Problems with mdev instance creation

wmerkens · Mar 19, 2021

Background
- supermicro server with two rtx 8000 cards
- nvidia grid kvm installed managing the cards
- nvidia-smi says all cards are good to go.
- cards are on slot 00000:01:00.0 and 0000:41:00.0

When I boot the system and go to a VM and under hardware add PCI Device
- pick Device 0000:01:00.0
- pick from the mdev list nvidia-xxx in my case 4xx
-- at first the list will have all nvidia-xxx with available units aka 402 has 32 403 has 24 404 has 32 ect...
- All functions greyed out becuase these cards don't have heads or audio subfunctions
- leave primary GPU unchecked, not using the cards for video output
- PCI-Express checked (Have left un checked also)
- ROM-Bar defaults to checked.

If I do a qm start 108 (108 was the vm I was testing)

I get these errors

]root@mtvmserver:~# qm start 108
kvm: -device vfio-pci,sysfsdev=/sys/bus/pci/devices/0000:01:00.0/00000000-0000-0000-0000-000000000108,id=hostpci0,bus=ich9-pcie-port-1,addr=0x0: vfio 00000000-0000-0000-0000-000000000108: error getting device from group 153: Connection timed out
Verify all devices in group 153 are bound to vfio-<bus> or pci-stub and not already in use
start failed: QEMU exited with code 1

or I get this if I change to the other card

root@mtvmserver:~# qm start 108
kvm: -device vfio-pci,sysfsdev=/sys/bus/pci/devices/0000:41:00.0/00000000-0000-0000-0000-000000000108,id=hostpci0,bus=pci.0,addr=0x10: vfio /sys/bus/pci/devices/0000:41:00.0/00000000-0000-0000-0000-000000000108: no such host device: No such file or directory
start failed: QEMU exited with code 1

if I edit /etc/pve/qemu-server/108.conf and add

args: -uuid 00000000-0000-0000-0000-000000000108

then switch back to card 01

then I get

root@mtvmserver:~# qm start 108
mdev instance '00000000-0000-0000-0000-000000000108' already existed, using it.
kvm: -device vfio-pci,sysfsdev=/sys/bus/pci/devices/0000:01:00.0/00000000-0000-0000-0000-000000000108,id=hostpci0,bus=ich9-pcie-port-1,addr=0x0: warning: vfio 00000000-0000-0000-0000-000000000108: Could not enable error recovery for the device

why do I need use the args: -uuid to force the creation of the directories

root@mtvmserver:~# ls -la /sys/bus/pci/devices/0000\:01\:00.0/
total 0
drwxr-xr-x 10 root root 0 Mar 19 11:15 .
drwxr-xr-x 9 root root 0 Mar 19 11:15 ..
drwxr-xr-x 4 root root 0 Mar 19 11:24 00000000-0000-0000-0000-000000000102
drwxr-xr-x 4 root root 0 Mar 19 11:22 00000000-0000-0000-0000-000000000108

why is the mdev list now all "0" except for the one I picked initially, in my case nvidia-405 with count of now 21

This seems to occur after I run a VM start at least once, after that I cannot pick a different mdev device on the same card and other vm's get the same issue, if I then switch on another vm to card 41 I again see lots to choose from but not on card 01.

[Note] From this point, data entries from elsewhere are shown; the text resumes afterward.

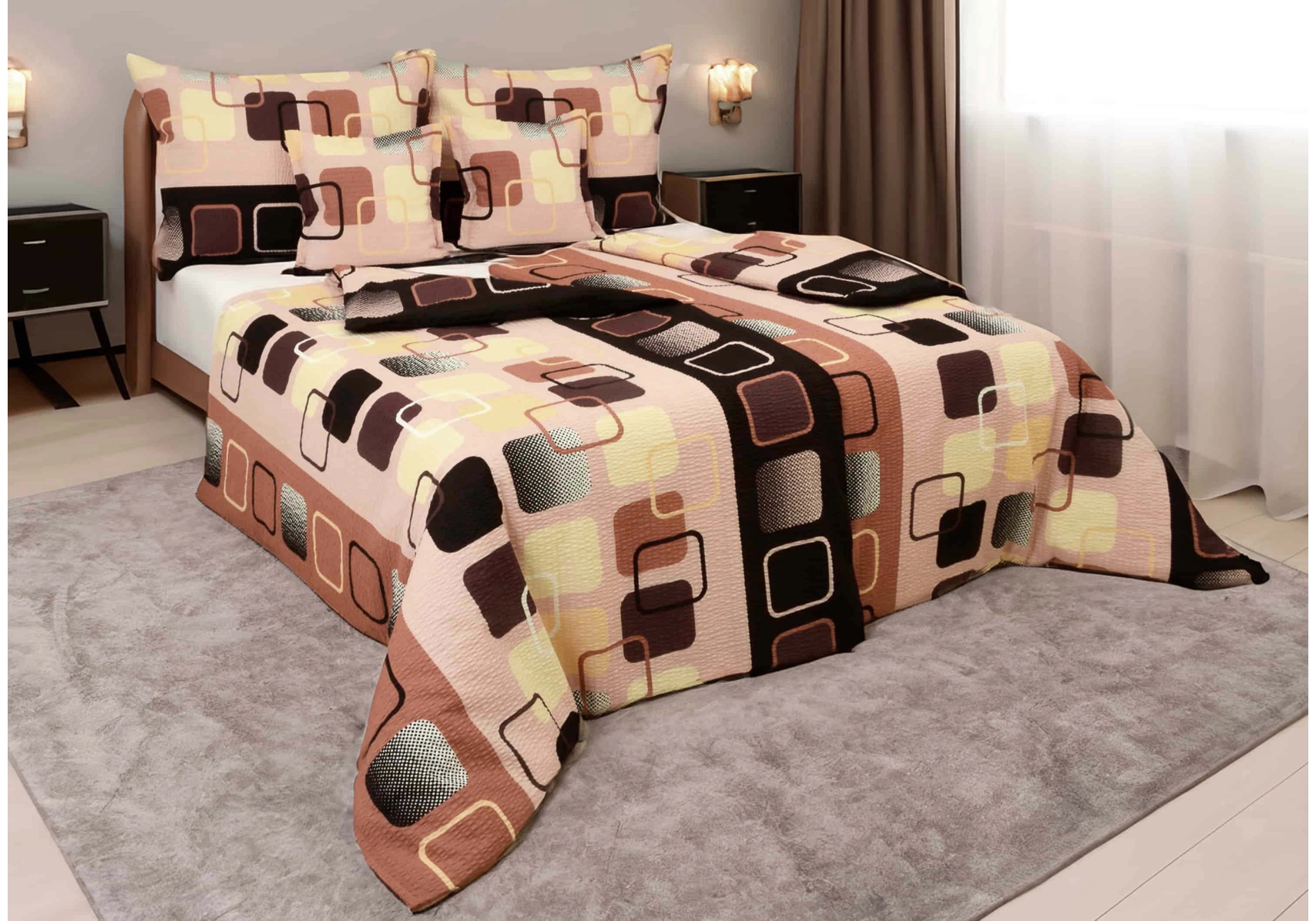 Ložní povlečení krep Hnědobéžové kostky II. jakost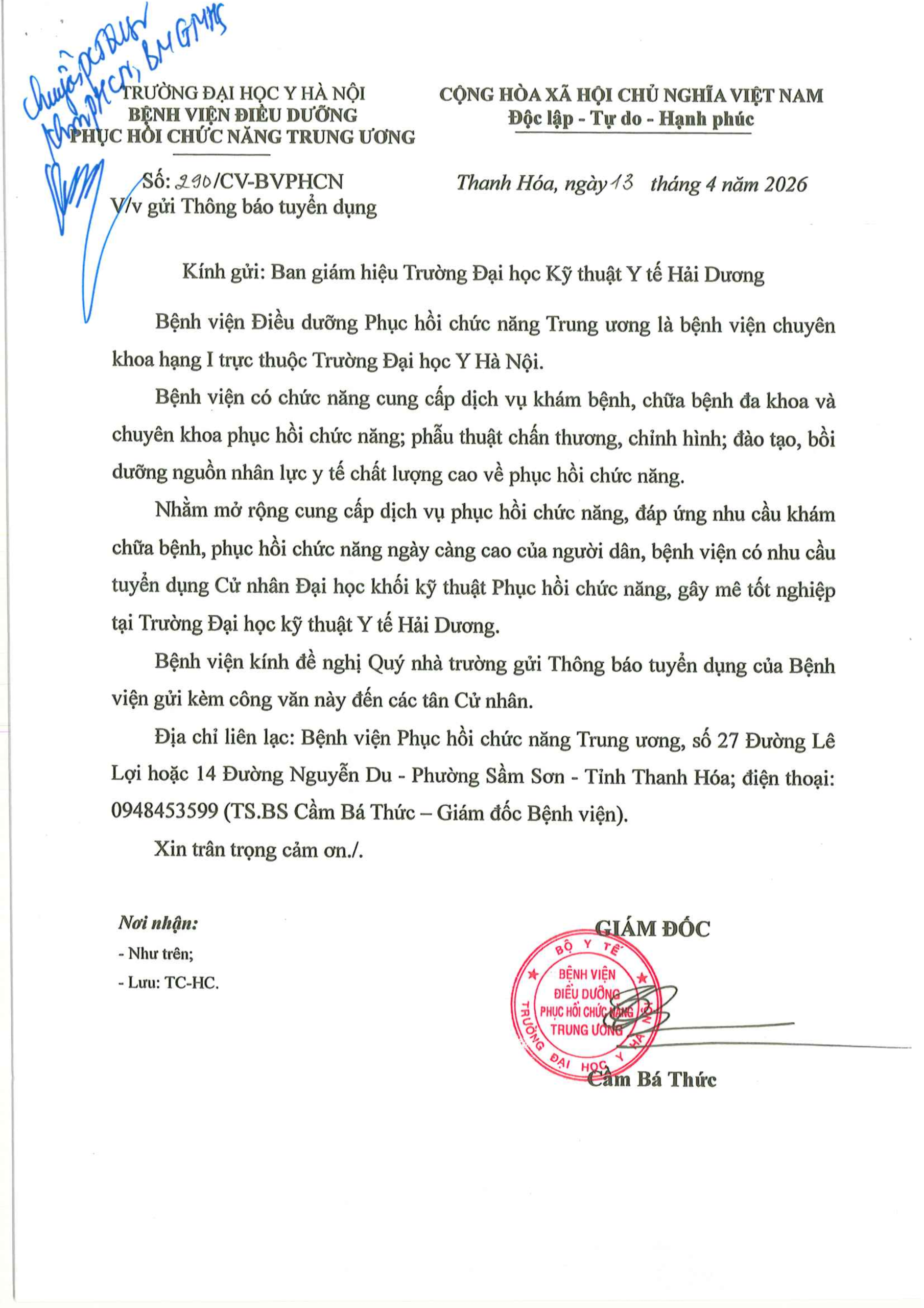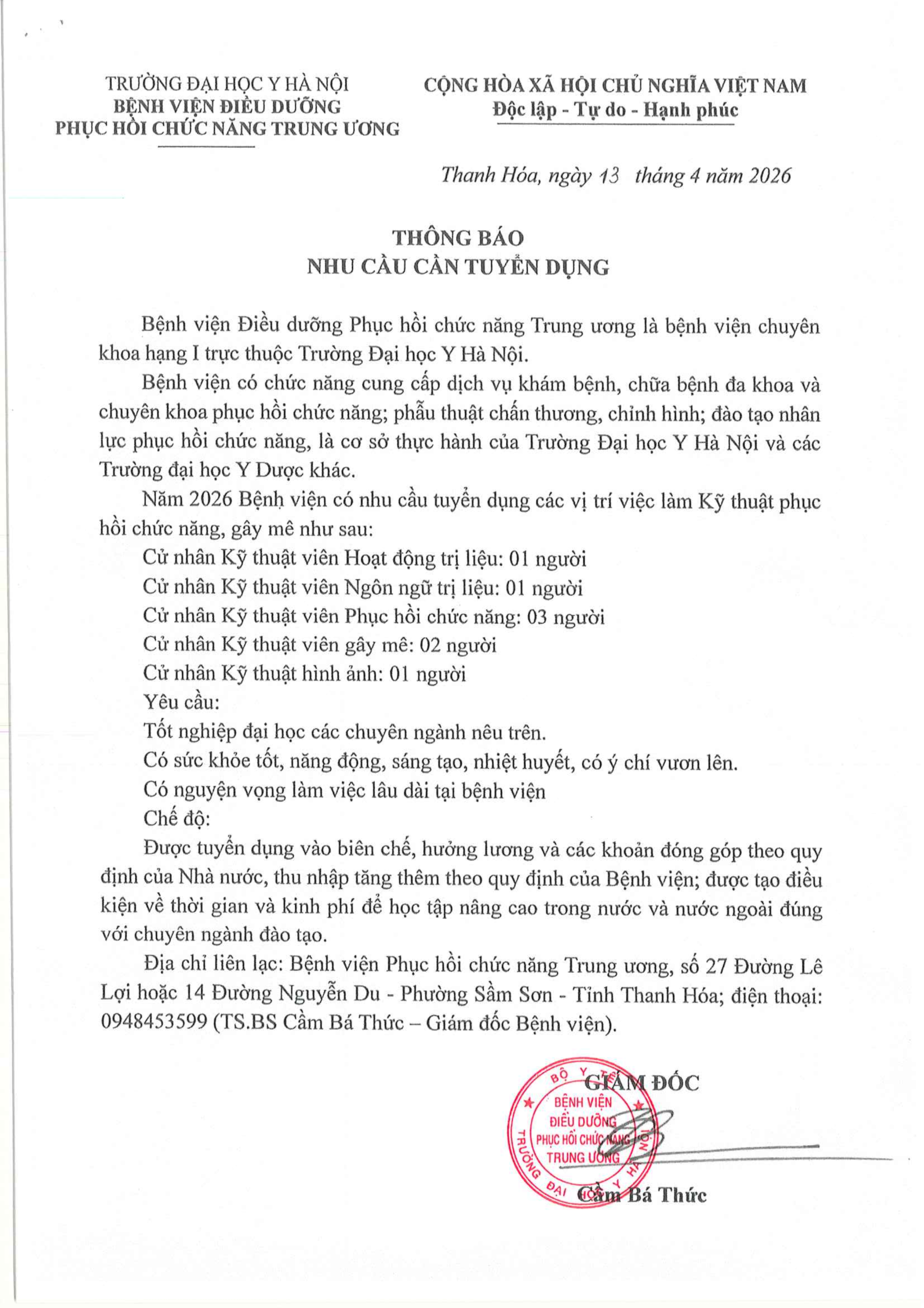 Hướng nghiệp - Việc làm Thông tin tuyển dụng của Bệnh viện Điều dưỡng Phục hồi chức năng Trung ương – Đại học Y Hà Nội – Năm 2026 Author: xuan tran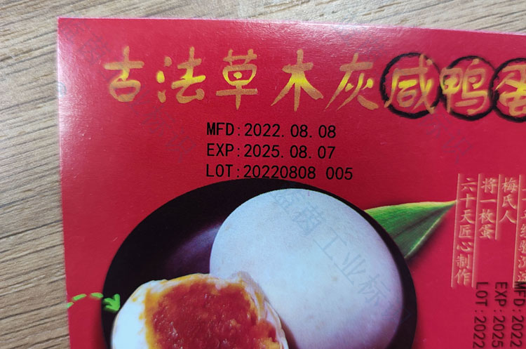 咸鴨蛋包裝紙箱生產日期UV噴碼機噴印效果,UV噴碼機可以噴印防偽追溯條碼、二維碼、生產日期、logo、圖案

I have attached some screenshots to show the dialog box in question, PCI Devices

mishki · Jun 7, 2021

How do you solved this problem?

wmerkens · Jun 7, 2021

mishki said:
How do you solved this problem?

It turned out to be a lack of knowledge on how the mdev works, So when you assign an Nvidia grid license to the first card on the first VM it sets the license choice to that one for every card next assigned to the next VM.

Those numbers you see equate to a license type on which Nvidia has a document on, also the more vGPU's you assign to a card the smaller the frame buffer available to the vGPU. This caught us when using the NVENC/NVDEC of the vGPU.

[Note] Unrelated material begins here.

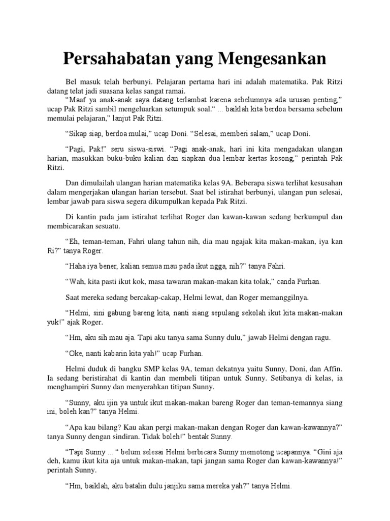 Contoh cerpen tentang sahabat. Cerpen persahabatan persahabatan adalah sebuah bumbu indah yang terdapat di dalam kehidupan seluruh umat manusia yang ada di muka bumi ini. Pada materi kami sebelumnya telah membahas tentang cerpen pendidikan cerpen remaja cerpen singkat namun di sini kami akan membahas cerpen persahabatan. Kebanyakan orang mengira cerpen itu sama dengan novel padahal dari segi jumlah kata aja sudah berbeda. Coba saja ingat masa masa remaja kalian dimana setiap pulang sekolah kalian bersama beberapa sahabat tertawa bersama di kantin sekolah untuk menikmati jam pulang sekolah sambil menghabiskan uang jajan kalian. Materi tentang cerita pendek alias cerpen pernah kami bahas secara khusus di artikel sebelumnya dimana materi tersebut berisi mengenai pengertian cerpen ciri ciri struktur cerpen unsur intrinsik dan ekstrinsik cerpen dan fungsinya. Karena hal ini merupakan salah satu karya sastra.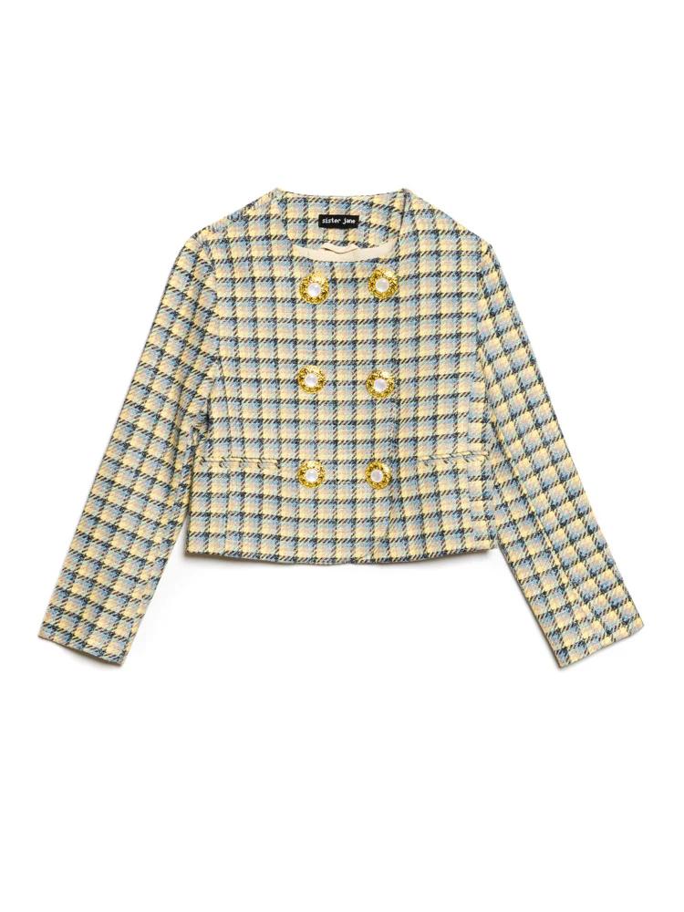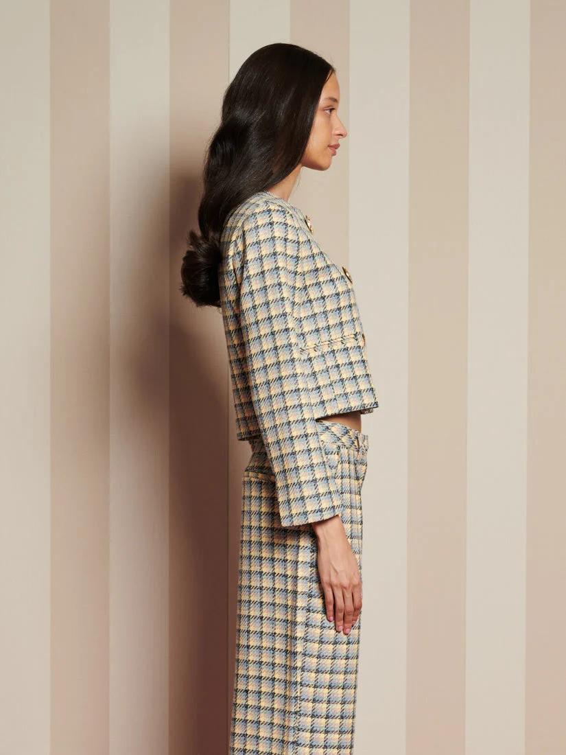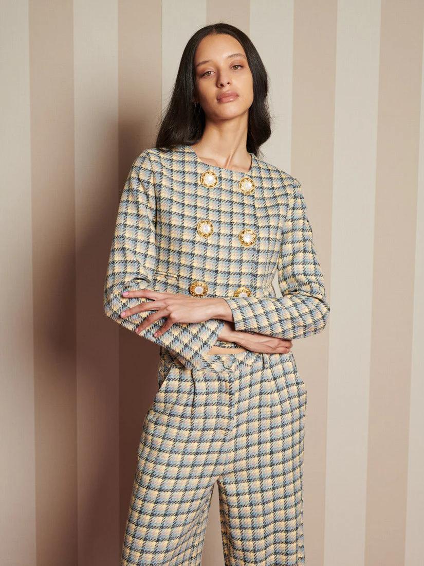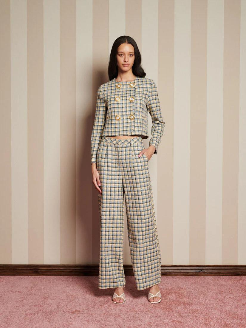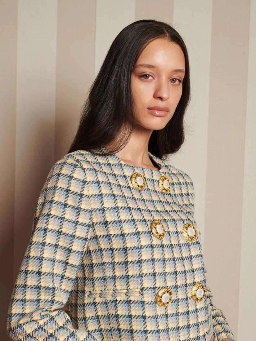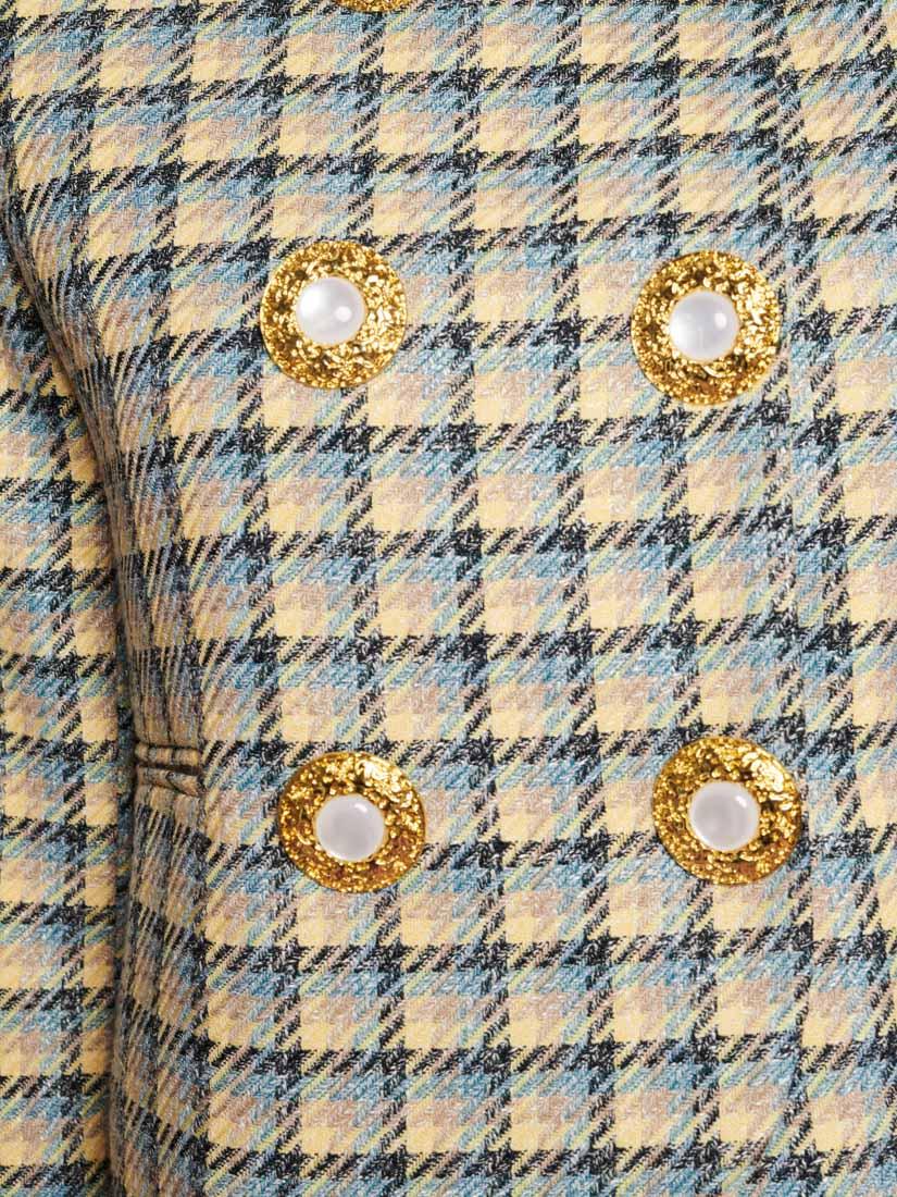 Smart as a library book, decorated with gold and pearl buttons, The Nook Check Double breasted Jacket keeps its stories close. Pair with the Nook Check Trousers for the complete look.

Once I understood the mapping and what the limits are it was easy to simply remove all cards from all VM"s to reset things so I could then pick a different license, for example changing from an 8 vGPU license per card to a 24 vGPU per card (nvidia--405 to nvidia-402 I believe)

One problem you can see in the screenshots is that the pick box is too narrow, you really need to see the hidden columns, ProxMox needs to fix that.

As far as the startup problem, Proxmox needs to add

Code:

args: -uuid 00000000-0000-0000-0000-000000000108

lines to the confs of these VM's when you do a grid driver based VM's, I do that manually at the moment

mishki · Jun 8, 2021

wmerkens said:
As far as the startup problem, Proxmox needs to add

Code:

args: -uuid 00000000-0000-0000-0000-000000000108

lines to the confs of these VM's when you do a grid driver based VM's, I do that manually at the moment

Yes, it's works for me too.

Thanks for the info. If it is not difficult to answer a couple more questions

The questions is about the driver.:
1. On proxmox i have to use NVIDIA-Linux-x86_64-460.73.02-vgpu-kvm.run?

2. On a VM with win10 can I use driver from https://www.nvidia.com/Download/index.aspx?
(466.11-quadro-rtx-desktop-notebook-win10-64bit-international-dch-whql.exe)?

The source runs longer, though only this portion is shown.